I believe it's wrong to say solving great problems is impossible: that we can't. But I don't believe that we necessarily "have the capacity to create and deploy solutions to the world's biggest problems." I believe that it is possible we do. But it is impossible to know.

Optimism may help to motivate people, just as faith may. But neither is necessary. In terms in what will or won't happen, or even what can or can't happen, optimism and pessimism are irrelevant.

But admitting uncertainty doesn't mean not doing anything. Envisioning what success might look like, for instance--that's something else. That's useful. Yes we can is a clarion call, an assertion of possibility, although it can equally mean "yes, we can try." But even belief in the possibility isn't necessary for hope.

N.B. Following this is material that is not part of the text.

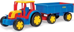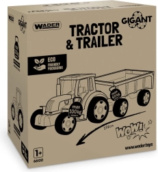Il nostro grande trattore della linea Gigant è dotato di un rimorchio con sportello posteriore apribile. Questi veicoli sono un giocattolo ideale per i bambini, sia per costruire, caricare che spostare materiali. La benna mobile del trattore funziona come bulldozer o caricatore, aggiungendo ancora più divertimento al gioco. I punti di forza di questo trattore sono l’alta qualità costruttiva, la resistenza e la capacità di carico - il trattore sopporta fino a 100 kg e il rimorchio fino a 60 kg.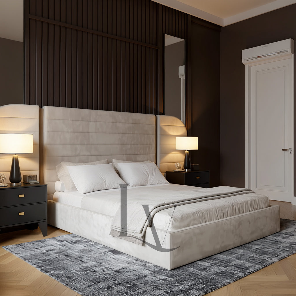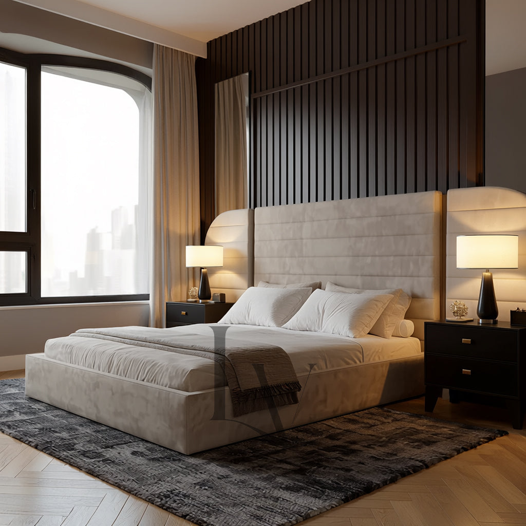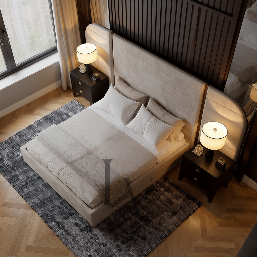 The Opa Bed is a statement of sophistication, architectural elegance, and contemporary comfort—crafted for homes that appreciate bold design executed with subtle refinement. Featuring an ultra-wide headboard with softly curved wing panels, the Opa Bed creates a grand, enveloping backdrop that transforms the entire bedroom into a high-end design suite.

To clarify what I mean, here's another interpretation of Obama's speech, by Andrew Sullivan. Sullivan and I apparently share a Catholic background, including some knowledge of what they were calling the New Theology in the early 60s. Otherwise, not so much. Plus he's stayed with the Church and I have not. But he writes this:

" Hope is not optimism. We have little reason for optimism given the first decade of the twenty-first century. Hope is a choice."

(He also adds: As much a choice as faith and love, which I don't entirely buy. Love is something of a choice, and something of not a choice, and faith is less of a choice than either love or hope. According to my definitions.)

But I do agree that Obama makes the case, especially in those last paragraphs, that hope is a choice ("we can acknowledge that oppression will always be with us, and still strive for justice," etc.) But I would take the concept further.

To me hope is embedded in a quotation from F. Scott Fitzgerald, which is famous only for the first part: "…the test of a first-rate intelligence is the ability to hold two opposed ideas in the mind at the same time, and still retain the ability to function." But the full statement concludes: "One should, for example, be able to see that things are hopeless and yet be determined to make them otherwise."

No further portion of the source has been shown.